Let $n\in \mathbb{N}\setminus\{0,1\}$, let $(x_1,\dots,x_n)\in(\mathbb{N^\ast})^n$, and let $i\in \{1,\dots,n\}$.
I would like to compute $$\sum_{j\neq i}\sum_{k\neq i,j}\sum_{l\neq j,k}(x_l-1).$$
I find (looking a some examples) $(n-1)(n-2)(x_i-1)+(n-3)(n-2)\left(\sum_{j\neq i} x_j\right)$. Could somebody confirm?
The term $x_i - 1$ appears once for each of $(n - 1)(n - 2)$ choices of the ordered pair $(j, k)$.

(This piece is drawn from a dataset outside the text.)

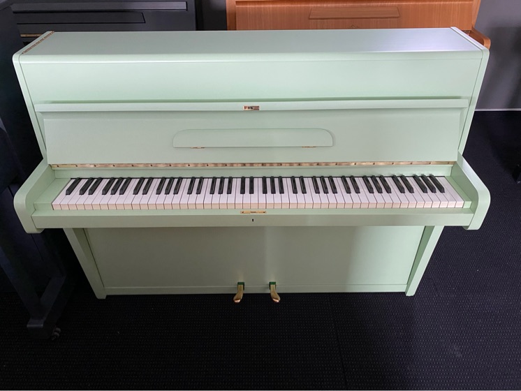 Wir lackieren ja viele Klaviere farbig, diesen Farbton hatte sich ein Kunde für sein Instrument ausgesucht, wir fanden ihn auch sehr schick und haben direkt mal ein Uebel Lechleiter Klavier für uns lackiert. Das deutsche Klavier ist, wie fast immer bei uns, mit der guten deutschen Renner Mechanik ausgestattet.
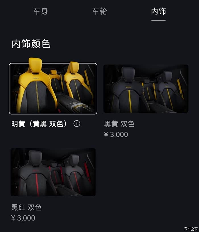 内饰颜色明黄(黄黑双色)是标配,黑黄双色和黑红双色需要加3000块选装。而且,它还免费送15件碳纤维部件,从外饰到内饰,高级感和运动感直接拉满!

For $l \ne i$, the term $x_l - 1$ appears once for each of $(n - 2)(n - 3)$ choices of $(j, k)$.
So the sum is: \begin{align*} & \phantom{=} (n - 1)(n - 2)(x_i - 1) + (n - 2)(n - 3)\sum_{l \ne i}(x_l - 1) \\ & = (n - 1)(n - 2)x_i - (n - 1)(n - 2) + (n - 2)(n - 3)\sum_{l \ne i}x_l - (n - 1)(n - 2)(n - 3) \\ & = (n - 1)(n - 2)x_i + (n - 2)(n - 3)\sum_{l \ne i}x_l - (n - 1)(n - 2)^2 \\ & = 2(n - 2)x_i + (n - 2)(n - 3)\sum_{l=1}^nx_l - (n - 1)(n - 2)^2. \end{align*}